Cogió el cinturón, desprendió una de las granadas y se dio media vuelta para arrojarla. Una flecha le alcanzó en el pecho. Baretto, sorprendido, tosió y cayó de espaldas, quedando sentado en el suelo de la máquina, recostado contra una barra. Hizo un débil esfuerzo por arrancarse la flecha del pecho. La siguiente flecha le traspasó la garganta. La granada rodó de su mano.

En el camino, los caballos, encabritados, relincharon y caracolearon, y los jinetes, sofrenándolos, gritaron y señalaron hacia Baretto.

Se produjo un intenso destello.

Chris miró atrás a tiempo de ver a Baretto todavía sentado, inmóvil, mientras la máquina menguaba con sucesivos fogonazos.

Al cabo de un momento, había desaparecido. En los rostros de los jinetes se dibujó una expresión de miedo. El caballero del penacho negro dio una orden a voz en grito, y los otros, reagrupándose, fustigaron a sus monturas y continuaron camino arriba hasta perderse de vista.

Cuando el caballero negro se volvía para seguirlos, su caballo tropezó con el cuerpo de Gómez. Maldiciendo, obligó al caballo a empinarse y pisotear una y otra vez el cadáver. Chorretadas de sangre surcaron el aire; las patas delanteras del caballo se tiñeron de rojo. Finalmente, con un último juramento, el caballero negro reanudó el galope cuesta arriba para unirse a sus hombres.

—Dios santo —susurró Chris, asombrado ante lo repentino del hecho, ante aquella violencia gratuita.

Apresuradamente, se puso en pie y regresó al camino.
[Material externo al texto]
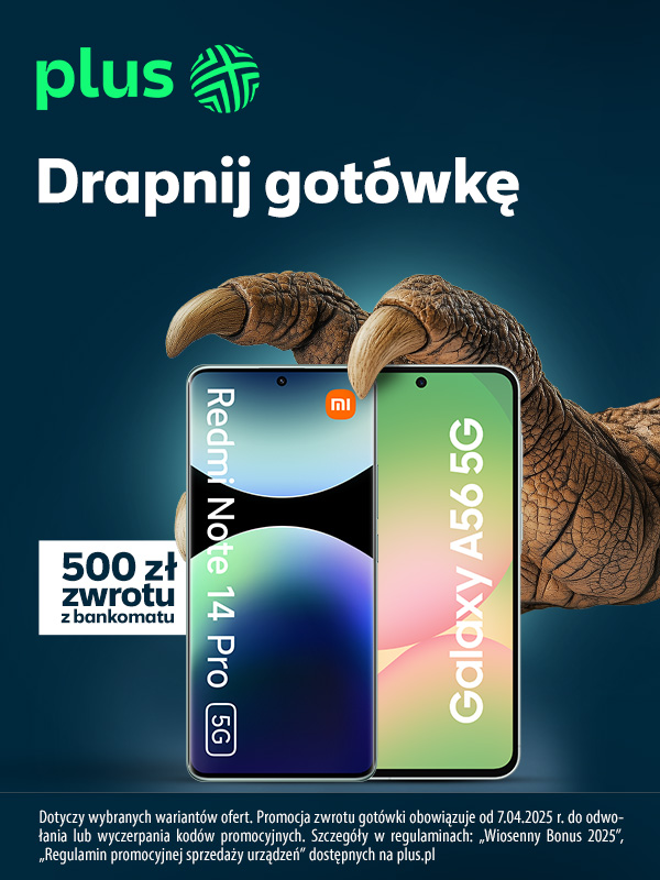 Wiosenna oferta od Plusa to okazja do zatrzymania w portfelu 500 zł. Wystarczy kupić Samsung Galaxy A56 lub Xiaomi Redmi Note 14 Pro, a następnie odebrać gotówkę z bankomatu. Z oferty można skorzystać do 4.05 br. Wiosna to czas, który kojarzy się z remontami, porządkami w ogrodzie czy pierwszymi wyjazdami. Na ich realizację można przeznaczyć pieniądze zaoszczędzone przy zakupie smartfona w specjalnej ofercie od Plusa. Telefony uprawniające do odebrania gotówki to tegoroczne nowości. Samsung Galaxy A56 5G jest propozycją dla tych, którzy szukają telefonu o wysokich parametrach technicznych, adekwatnych do obowiązujących trendów, ale w atrakcyjnej cenie. Xiaomi Redmi Note 14 Pro zachęca natomiast designem, dobrej jakości aparatem w równie przystępnym przedziale cenowym. Teraz zakup powyższych modeli jest szczególnie opłacalny.

El cuerpo de Gómez yacía en el barro, casi irreconocible. Pero tenía un brazo extendido sobre la tierra, con la mano abierta. Y junto a la mano estaba la oblea blanca de cerámica.

Se había resquebrajado, y la brecha dejaba a la vista los componentes electrónicos del interior.

Chris la recogió. La oblea se hizo pedazos en su mano, esparciéndose por el barro los fragmentos blancos y plateados. En ese momento tuvo clara conciencia de su situación.

Sus dos guías estaban muertos. Habían perdido una máquina. El marcador de regreso estaba hecho añicos.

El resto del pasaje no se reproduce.